---
title: "TCGA Lung cancer"
output: html_notebook
---

##  1. Introduction
Lung cancer one of major cancers, accounting for [2.09 million deaths out of the 9.6 million total cancer deaths in 2018](https://www.who.int/en/news-room/fact-sheets/detail/cancer). There are two main types of lung cancer: small cell lung carcinoma (SCLC) and non-small cell lung carcinoma (NSCLC). NSCLC is responsible for 85–90% of lung cancer cases and its two largest subtypes are lung adenocarcinoma (LUAD) and lung squamous cell carcinoma (LUSC). 

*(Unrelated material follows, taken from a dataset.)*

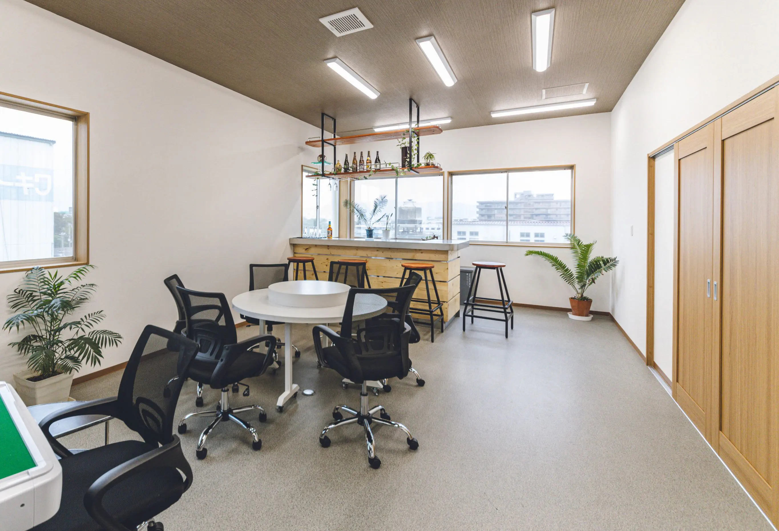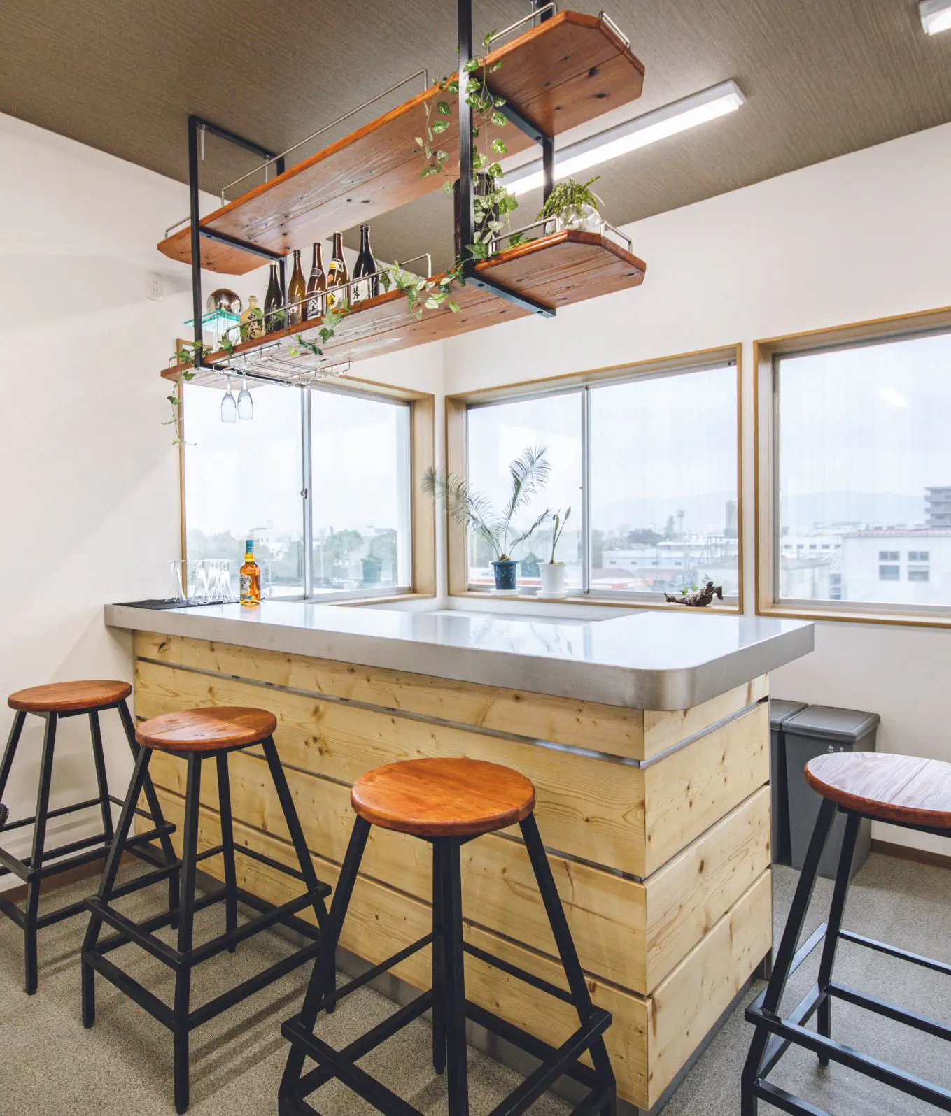 娯楽スペースも全力でつくる。社員が終業後に仕事の疲れを癒せるよう、バーカウンターなどの娯楽スペースを設けています。バーカウンターも椅子も、もちろん当社職人による“常盤クオリティ”です。

LUAD develops in the periphery of the lungs and may be associated with smoking, but is the most common lung cancer type among non-smokers. In contrast, LUSC accounts for 25–30% of all total lung cancer cases while LUAD accounts for 40% of all total lung cancer cases. LUSC are likely to be found in the middle of the lungs and is associated with smoking. 

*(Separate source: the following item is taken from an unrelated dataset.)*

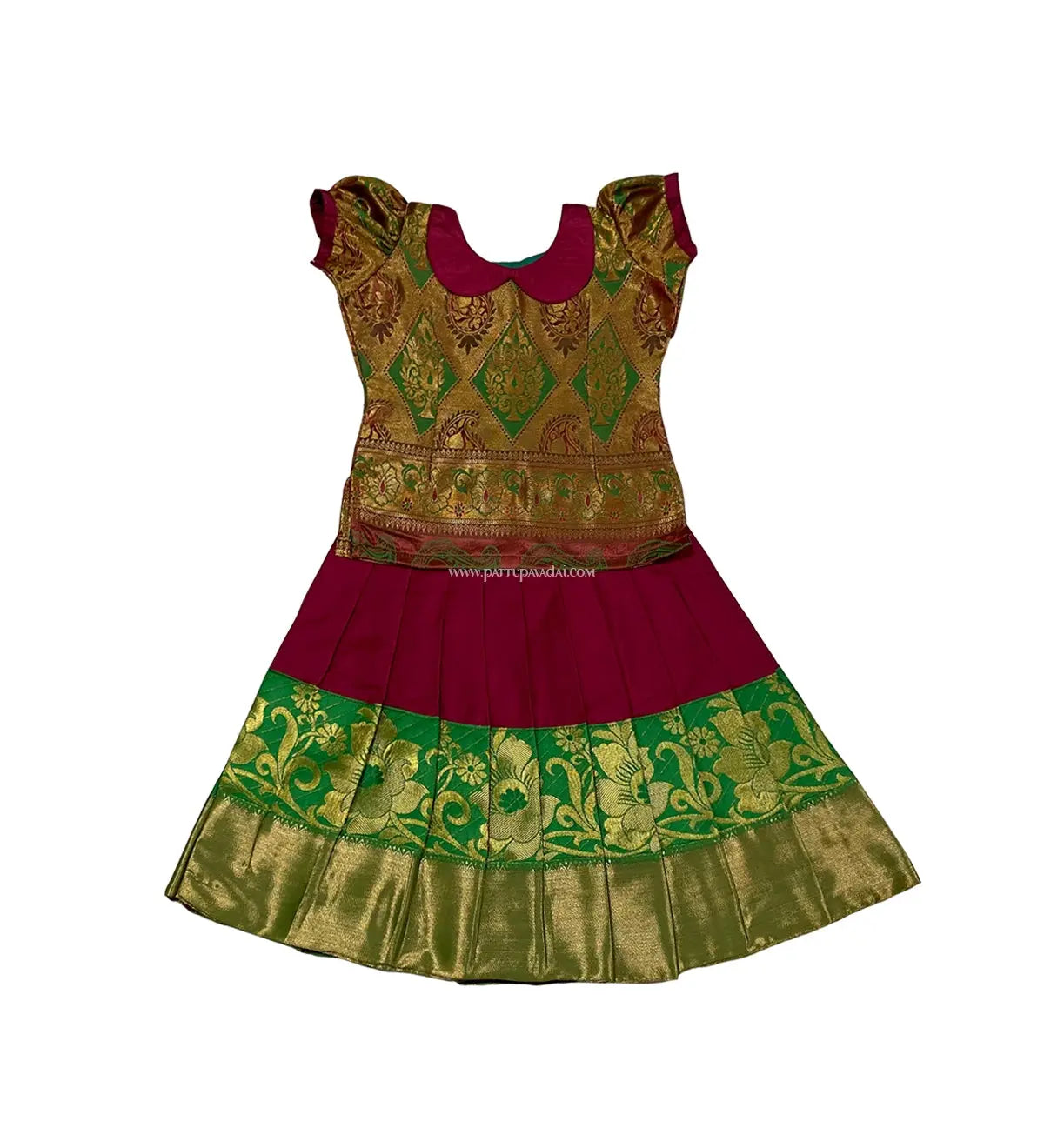Traditional Silk Pavadai Green and Red – Zari Work Blouse and Flared Skirt Set for Kids

In this tutorial, we will explore the sample dataset of LUSC and LUAD from the The Cancer Genome Atlas (TCGA), a public resource for the genomic dataset. Here we use two types of lung cancers - LUAD and LUSC and will examine which information we can use for genomic analyses of lung cancers.

## 2. Explore your data
We will load a package and dataset for the tutorial.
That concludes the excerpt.